Beckie Barber saw a movie twice over the Christmas holidays – What Women Want Because what women want is the lead, Mel Gibson. Beckie thought the best part was Mel trying on all the women’s products and waxing his legs. (You know, it’s hard to believe we never had a group specializing in that rent the LASFS.)

Mike Stern wanted us to know that Double Dragon is a movie so bad that it deserves recognition. “If it comes on, turn it off,” he advised. The lead bad guy in the movie has obviously read the Evil Overlords Manual and did all the “do not do’s.” Not to mention the identical twin brothers.

Mike Thorsen felt a bit more positive about Dracula 2000 – it’s not really the greatest vampire movie, but it’s the one he’s been seeing all his life. George Mulligan happily paid a pun find to tell Thorsen, “I gather what you’re saying is the new Dracula movie doesn’t suck.” As long as he was up, Mulligan recommended the book Guardians of Tomorrow, a collection of stories about the Space Patrol.
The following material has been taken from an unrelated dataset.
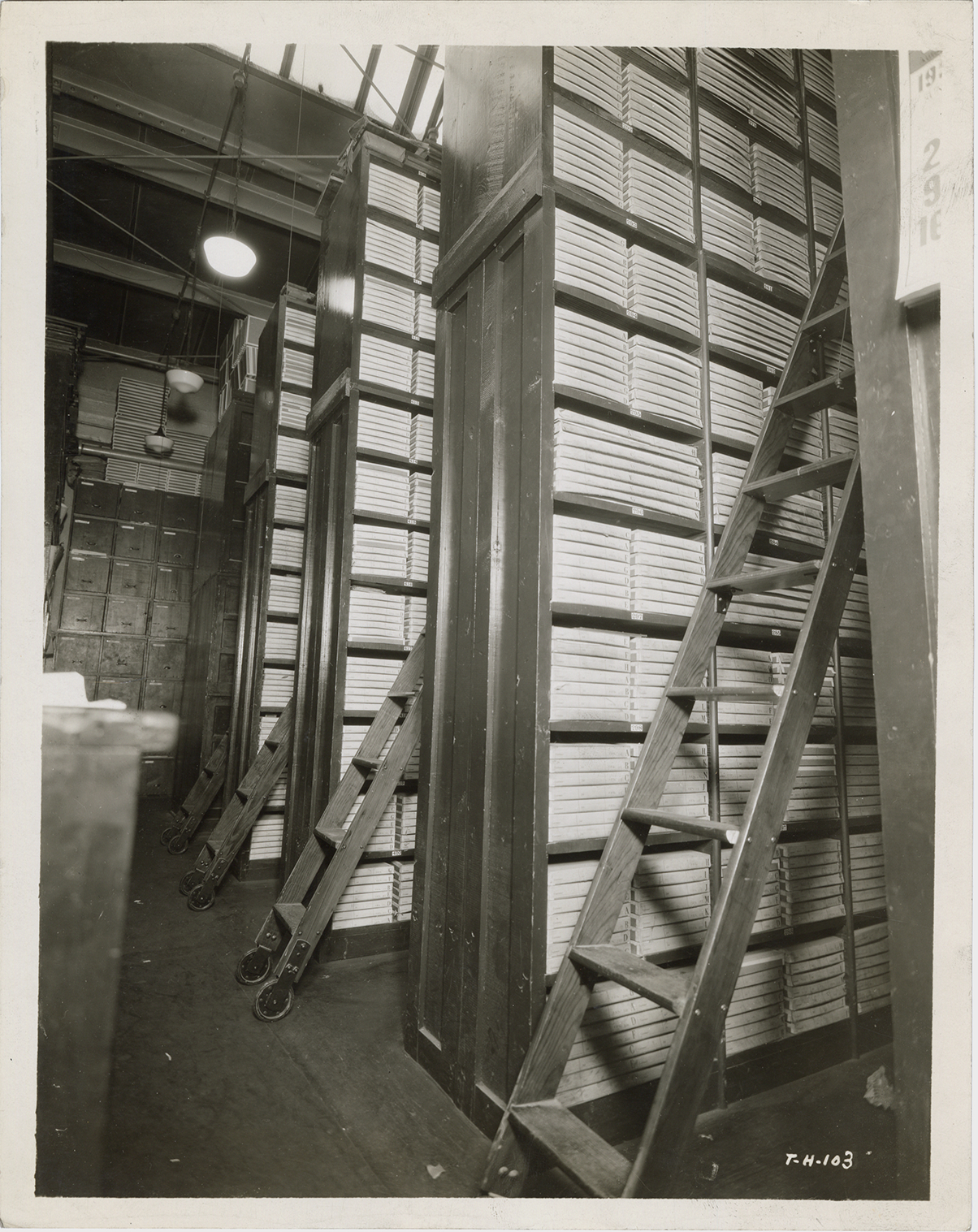 View of the stacks at Evans-Winter-Hebb. Boxes are stacked on shelves; rolling ladders in aisles.

Charlie Jackson 2 said Black Scorpion is so bad it made Double Dragon look good. Charlie said the woman who has replaced Joan Severance in the sequel doesn’t look good in the outfit – she looks a bit chunky. He wished they could at least have written the characterization up to the level of, say, Nash Bridges. Charlie has now seen 16 movies on the year.

Thorsen also remembered to tell us that in Dracula 2000 we learn Dracula’s secret identity. In case we care.

After the president heroically repelled Chaz Boston Baden’s attempt to submit new business (1) at the end of the meeting (2) not in writing, and (3) without the requisite signatures, there was a heart vote of “Get out of here!” and we adjourned.